VTU is one of the largest technical university which provide opportunities for engineering students and management students.

History

Visvesvaraya Technological University (VTU) was established by the Government of Karnataka on 1 April 1998 with its headquarters at Belagavi, as per the provisions of the Visvesvaraya Technological University Act, 1994, an Act to establish and incorporate a university in the State of Karnataka for the development of engineering, technology and allied sciences. For effective administration, four regional offices at the four revenue divisional headquarters, namely, Belagavi, Bangalore, Mysore and Gulbarga were established. VTU was established by the Government in order to promote planned and sustainable development of technical education consistent with state and national policies and bringing various colleges affiliated earlier to different universities, with different syllabi, different procedures and different traditions under one umbrella.

Campus
As per the provisions of the VTU Act 1994, the headquarters of the university is at Belagavi, Karnataka. The VTU headquarters is named “Jnana Sangama”. Additionally, the university has three regional centres in Bangalore, Kalaburagi and Mysore. 
Visvesvaraya Institute of Advanced Technology, also known as VIAT, is a research institute being constructed near Muddenahalli, Karnataka. 

The university also has 13 Quality Improvement Programme (QIP) centers in various affiliated colleges and 16 extension centers for offering postgraduate programs. It has around 2,305 departments recognised as research centres which are spread across its affiliated institutions in Karnataka. The Jnana Sangama, Belagavi campus and the regional and extension centres of VTU at Bangalore, Davangere, Gulbarga and Mysore offer M.Tech, MBA, MCA and PhD programs.

Academics

Academic programmes 

VTU offers undergraduate engineering programs that award a Bachelor of Engineering (BE) or Bachelor of Technology (B.Tech.) degree. The university offers postgraduate programs that lead to Master of Technology (M.Tech.),Master of Architecture (M.Arch) Master of Science (MSc) by research, Master of Business Administration (MBA), Master of Computer Applications (MCA) and doctorate (PhD). The MSc and PhD are research degrees while the rest are taught degrees.

Undergraduate courses

The university has 12 undergraduate boards which offer Bachelor of Engineering (B.E.) programs and one undergraduate board which offers Bachelor of Architecture (BArch) course:

‡ The Architecture board offers the BArch course.

Postgraduate courses

The university has 11 postgraduate boards which offer Master of Technology (M.Tech.) programs:

Scheme and syllabus

Visvesvaraya Technological University accomplished its primary task of setting a common syllabus across the state in 1998. The university regularly revises the syllabus keeping in view technology upgrades around the world. The syllabus has been updated in 2002, 2006, 2010, 2014, 2015, 2017, 2018 and 2021.  VTU adopted a Choice Based Credit System (CBCS) for students admitted to the university from the academic year 2015–2016. The CBCS provides a choice for students to select from the prescribed courses (i.e. core, elective, foundation and mandatory non-credit courses). As part of the new CBCS scheme, VTU also moved to a Cumulative Grade Point Average (CGPA) grading system from the previous system of awarding percentage and class to students. 
VTU has also made an internship of eight weeks mandatory for undergraduate and postgraduate engineering students in affiliated colleges.

Grading

For students matriculating since the academic year 2015–2016, VTU adopts an absolute grading system wherein the marks are converted to grades, and every semester results are declared with a semester grade point average (SGPA) and a Cumulative Grade Point Average (CGPA). To obtain a degree, in addition to clearing all the subjects, a student must also obtain a minimum CGPA of five (5.0).

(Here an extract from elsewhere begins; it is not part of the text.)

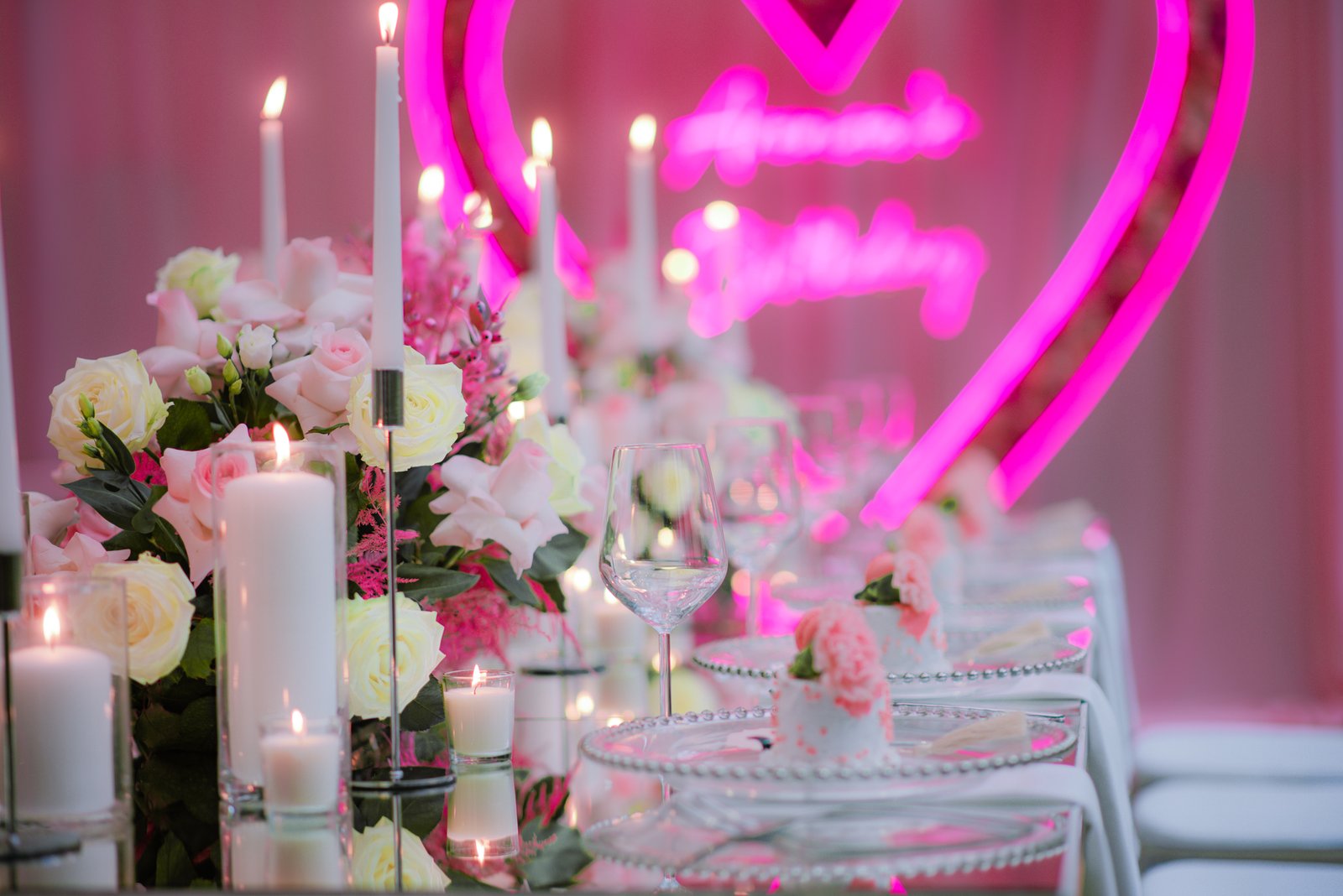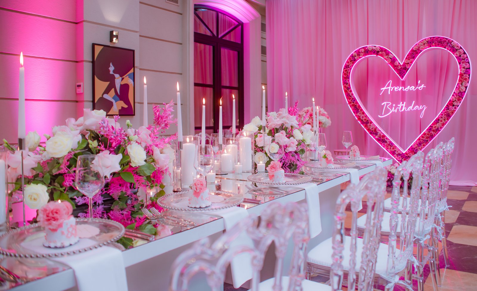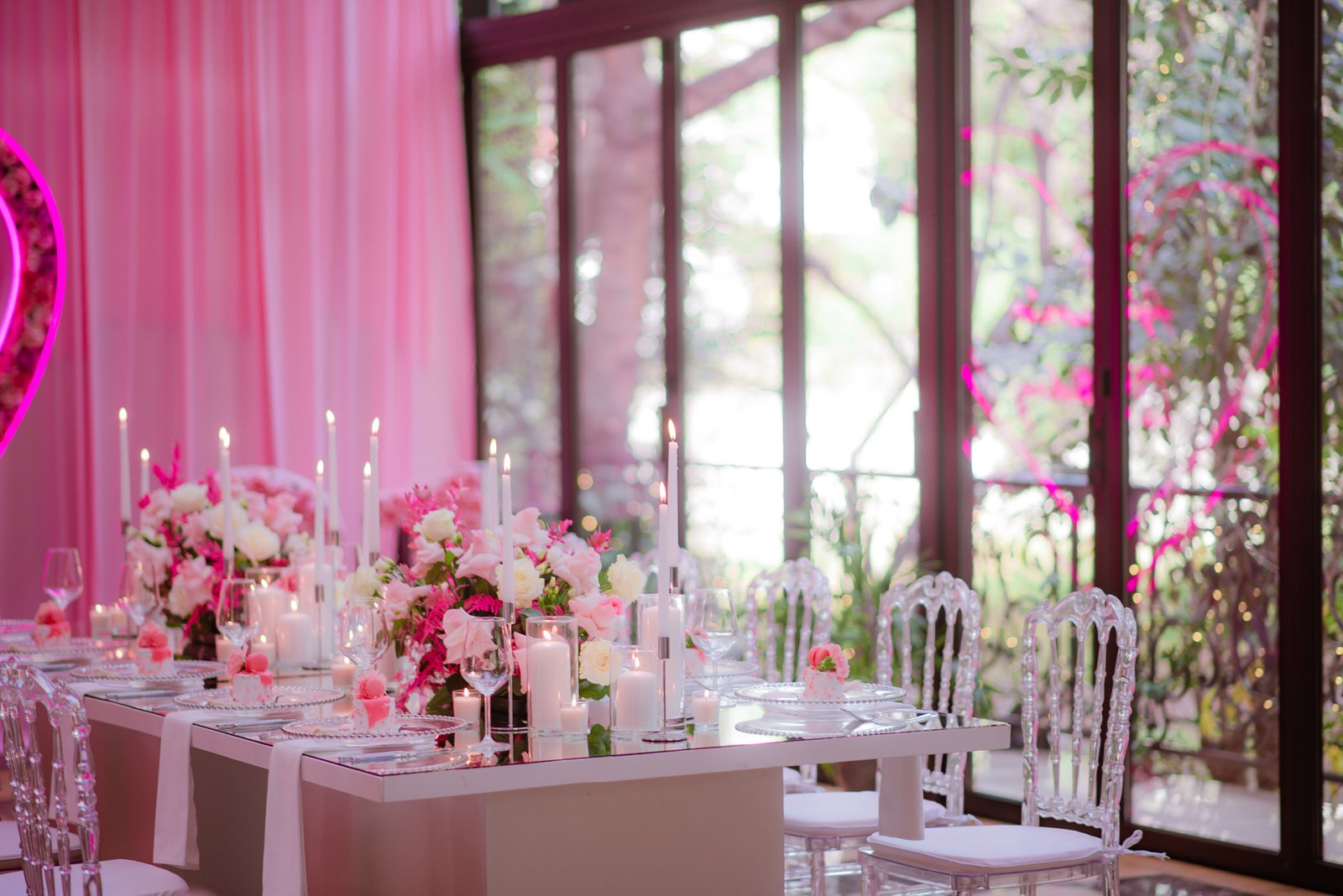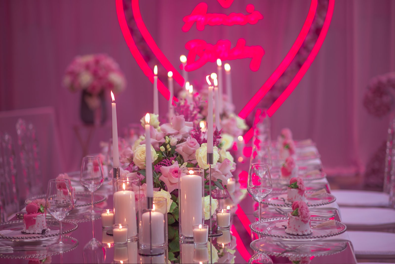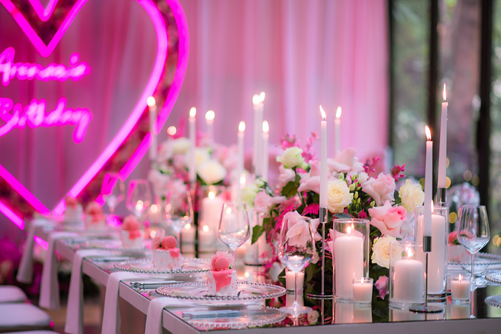 Step into a world of dazzling pink and romantic elegance for Arensa’s Birthday celebration! This stunning event features a central, vibrant pink neon heart sign, perfectly set against flowing pink drapery. The mirrored dining table creates a spectacular reflection of the exquisite decor. Guests were treated to an intimate setting with clear, ghost-style chairs and a breathtaking centerpiece arrangement of white and pale pink roses, interspersed with soft candlelight. Every detail, from the delicate floral touches on the individual place settings to the lush atmosphere, was designed to create an unforgettable, glamorous, and utterly chic birthday experience

Prior to the introduction of the Choice Based Credit System, students were awarded a percentage and a class, as defined:
First class with distinction (FCD): Not less than 70% of the aggregate marks in first attempt
First class (FC): Less than 70% but not less than 60% of the aggregate marks in first attempt
Second class (SC): Less than 60% of the aggregate marks in first attempt

Collaborations
The university has signed MoUs with multinational corporations like IBM, Intel Asia Electronics Inc., Ingersoll-Rand (India) Ltd., Bangalore, Nokia, Bosch Rexroth and Microsoft to improve the industry interactions for students and teachers.

VTU is also a member of Association of Indian Universities and Association of Commonwealth Universities.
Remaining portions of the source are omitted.